23 (2022) 1-40 | William Fedus*, Barret Zoph*, Noam Shazeer
Switch Transformers: Scaling to Trillion Parameter Models with Simple and Efficient Sparsity
William Fedus, Barret Zoph, Noam Shazeer
Abstract: Switch Transformers simplify and improve upon Mixture of Experts (MoE) models, enabling efficient, sparse training with lower computational costs. The Switch Transformer architecture reduces communication and computational costs, and allows for training large sparse models with lower precision (bfloat16). The model is based on T5-Base and T5-Large, achieving up to 7x increases in pre-training speed with the same computational resources. The Switch Transformer also improves multilingual learning across 101 languages and achieves a 4x speedup over the T5-XXL model. The paper presents the design, training, and scaling properties of the Switch Transformer, as well as its performance on downstream tasks and multilingual learning.

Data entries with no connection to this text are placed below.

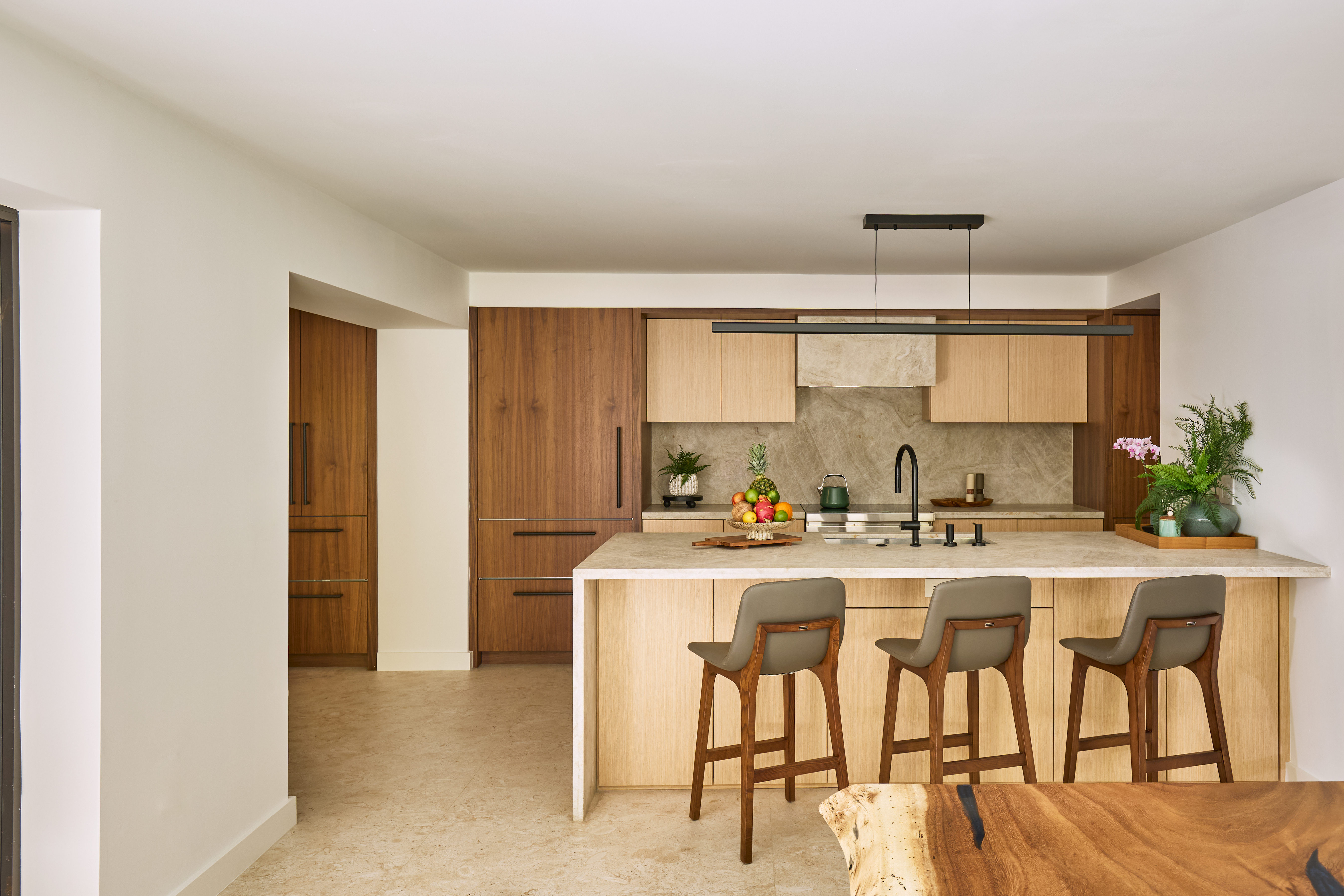 Luxury townhouse in Coconut Grove showcasing natural materials, warm finishes, and luxury furnishings. This project allowed us to turn a dated and difficult home into a work of art.
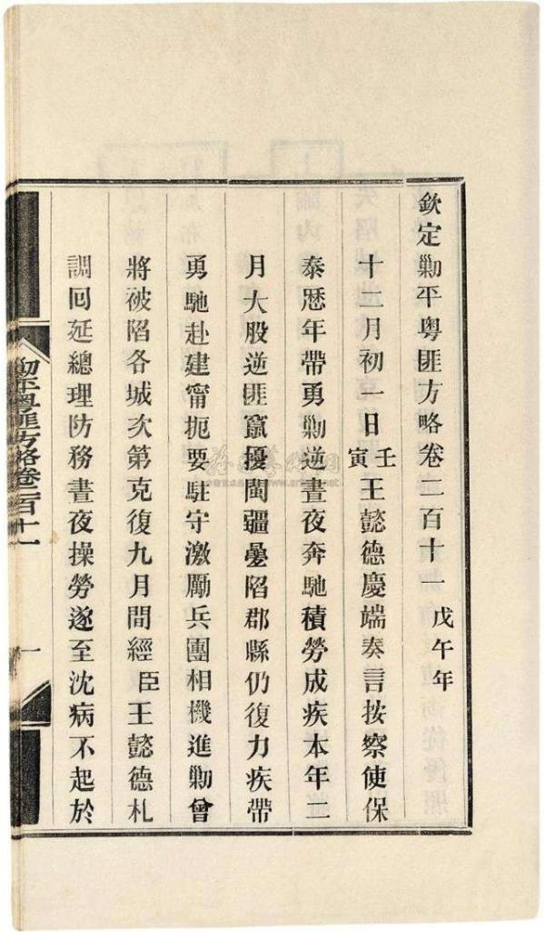 两书排印用时两年有余,至光绪二年(1876)二月告竣,首先颁赐王大臣及各部尚书、侍郎。现在的书目均将两《方略》的印行时间定为同治十一年,可那时同文馆印刷所尚未建立,这是以序定年造成的错误,应更正为“同治十二年至光绪二年铅印本”。
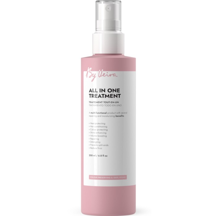 By Veira All-in-one Treatment är en allt-i-ett-behandling för håret med volymökande och hårvårdande ingredienser som gör håret fint och lätt att hantera. Formuleringen innehåller värmeskyddande och UV-skyddande ingredienser. All-in-one Treatment har en infusion av bambuextrakt och solrosolja som gör håret mjukt, glänsande och lätt att kamma. Innehåller färgbevarande ingredienser och är vegansk.
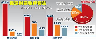 而原陳水扁當局官員及嘉義縣長陳明文、云林縣長蘇治芬涉貪遭收押或起訴,57%民眾認為是司法案件、25%認定是政治案件。交叉分析,政治上傾向綠營、小學文化程度的民眾認為是政治案件的多于司法案件,藍綠民眾看法比扁案分歧。(沈鵬)
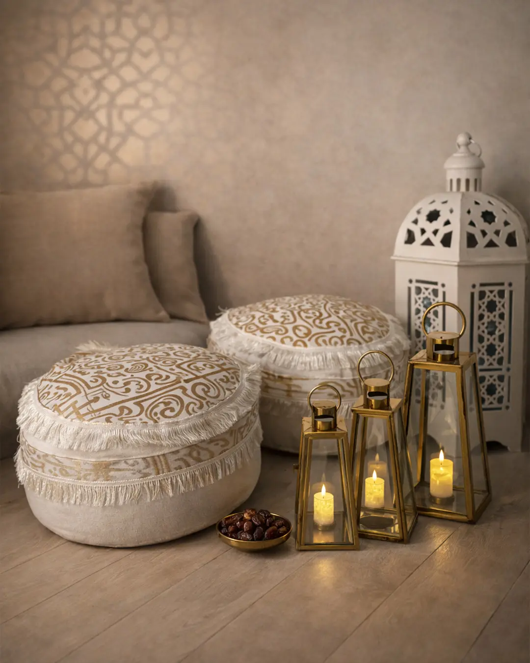 Crafted with a polished gold frame and minimalist structure, these lanterns are perfect for majlis styling, entrance decor, dining table centerpieces, or layered floor arrangements during Ramadan gatherings.
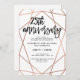 Esses convites de festa de aniversário de casamento de 25 anos elegantes apresentam um padrão geométrico de falso ouro rosa em um fundo branco, com tipografia preta moderna.
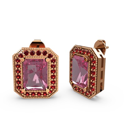 Pembe kuvars ve garnet 18 ayar rose altın küpe
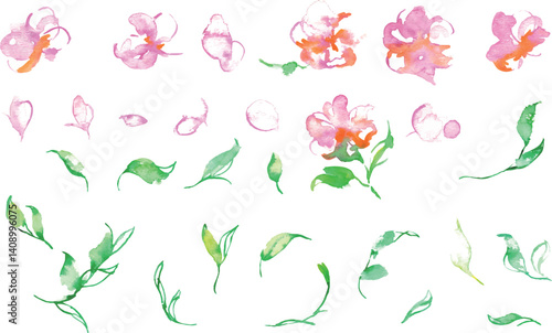 水彩画。水彩タッチのベクターピンクの花イラスト。草木のベクターイラスト。花の切り取りセット。Watercolor painting. Vector pink flower illustration with watercolor touch. Vector illustration of plants and trees. Flower cutout set.
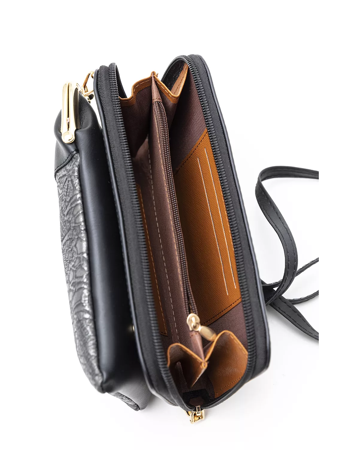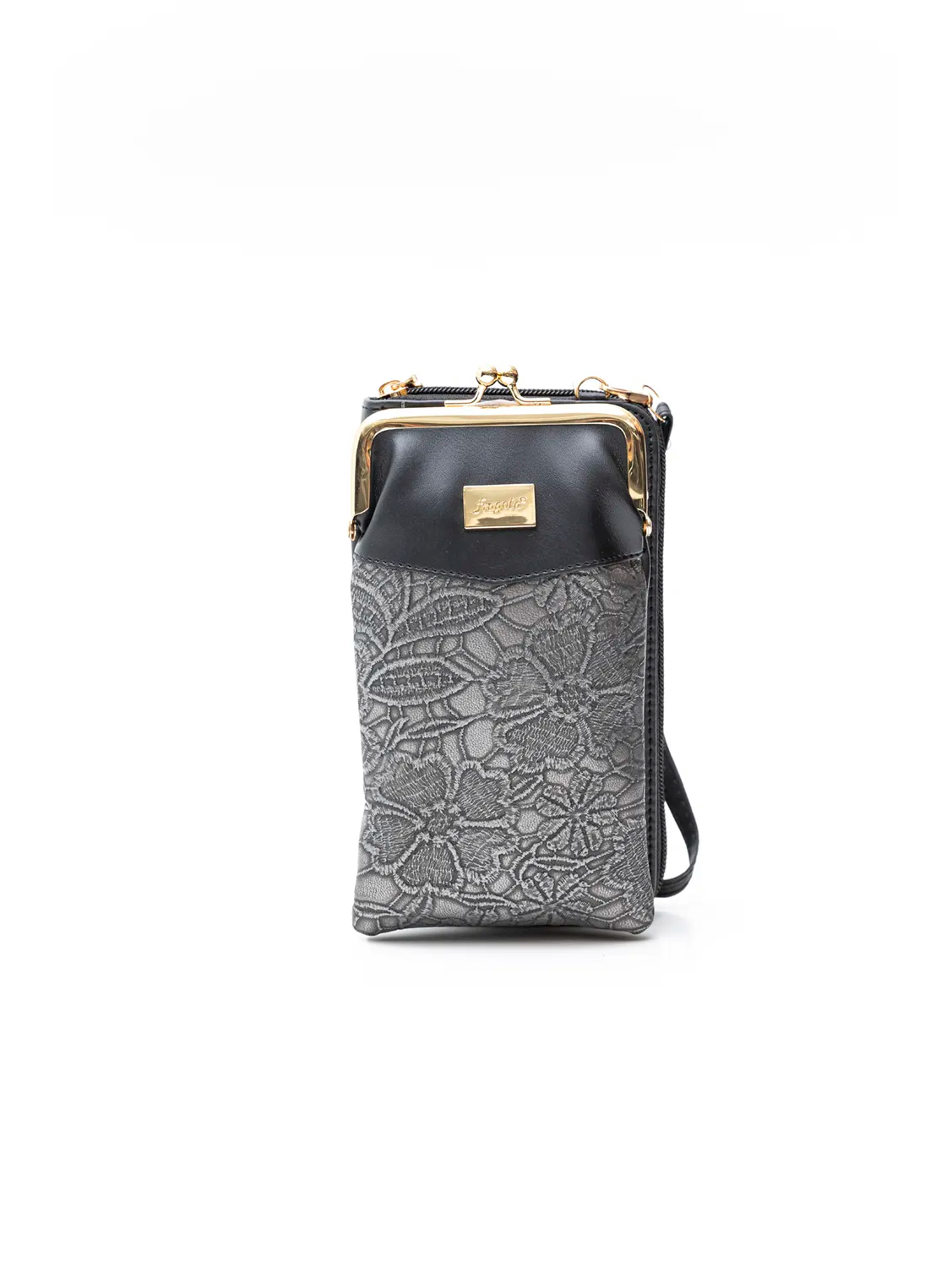 Πορτοφόλι τσαντάκι με extra χεράκι για χιαστί κράτημα. Διαθέτει μια διαχωρισμένη εξωτερική θέση για το κινητό, που κλείνει με μεταλλικό στόμιο, από τη μια πλευρά. Από την άλλη διαθέτει πορτοφόλι με θέση για κέρματα, χαρτονομίσματα και πολλές θέσεις για κάρτες. Κλείνει με φερμουάρ.
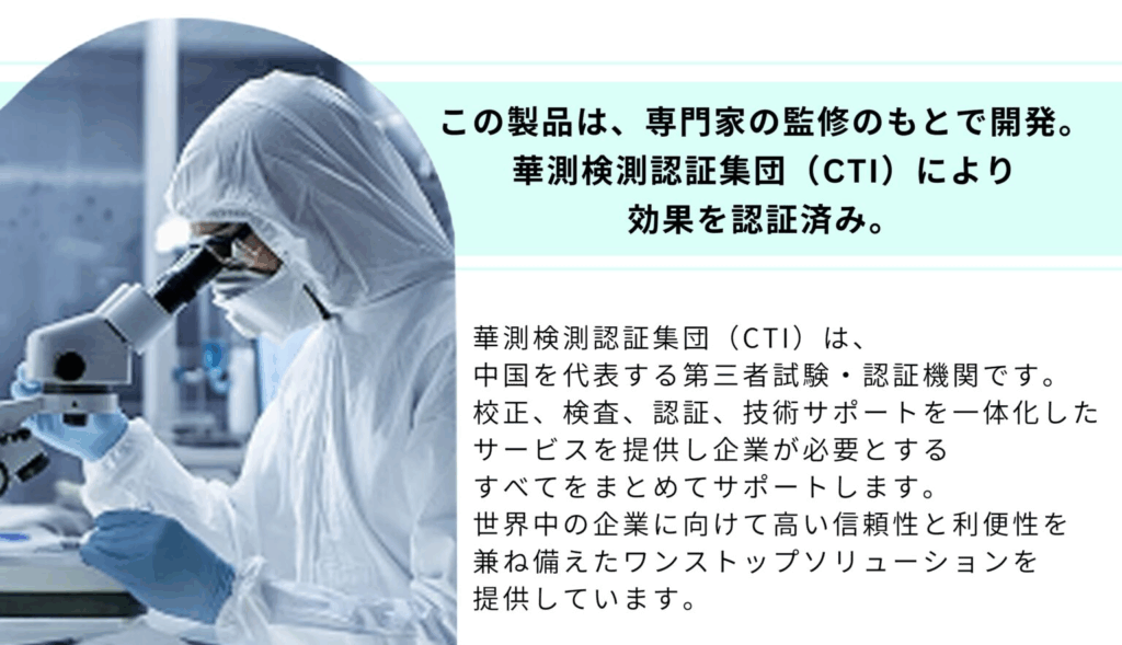 薬剤を使わず紫外線だけで除菌・抗菌できるため、安全かつ環境に優しい設計です。さらに、公的機関の試験によって効果が科学的に実証されています。
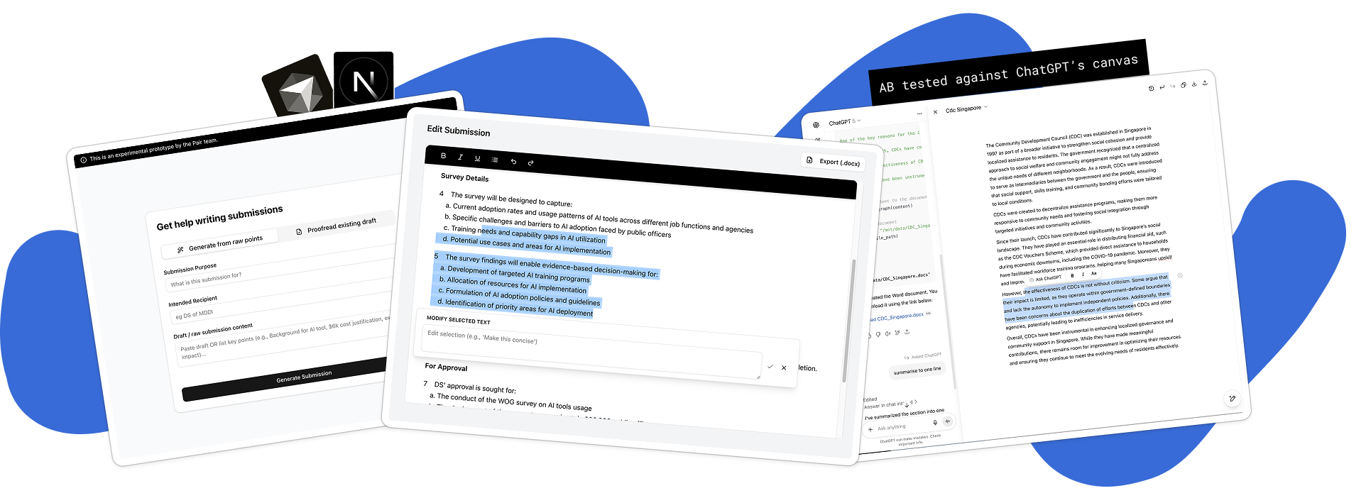 Officers loved Pair Chat for quick questions and brainstorming. But for core government work (submissions, speeches, reports, repeated admin tasks), chat fell short: prompting was hard, outputs were inconsistent, and context was lost between turns.

The Switch Transformer is also shown to be effective in both dense and sparse settings, and can be distilled into smaller dense models while preserving 30% of the sparse model quality gain. The paper also discusses the benefits of data, model, and expert-parallelism in scaling the Switch Transformer to trillion parameter models.Switch Transformers: Scaling to Trillion Parameter Models with Simple and Efficient Sparsity
William Fedus, Barret Zoph, Noam Shazeer
Abstract: Switch Transformers simplify and improve upon Mixture of Experts (MoE) models, enabling efficient, sparse training with lower computational costs. The Switch Transformer architecture reduces communication and computational costs, and allows for training large sparse models with lower precision (bfloat16). The model is based on T5-Base and T5-Large, achieving up to 7x increases in pre-training speed with the same computational resources. The Switch Transformer also improves multilingual learning across 101 languages and achieves a 4x speedup over the T5-XXL model. The paper presents the design, training, and scaling properties of the Switch Transformer, as well as its performance on downstream tasks and multilingual learning. The Switch Transformer is also shown to be effective in both dense and sparse settings, and can be distilled into smaller dense models while preserving 30% of the sparse model quality gain. The paper also discusses the benefits of data, model, and expert-parallelism in scaling the Switch Transformer to trillion parameter models.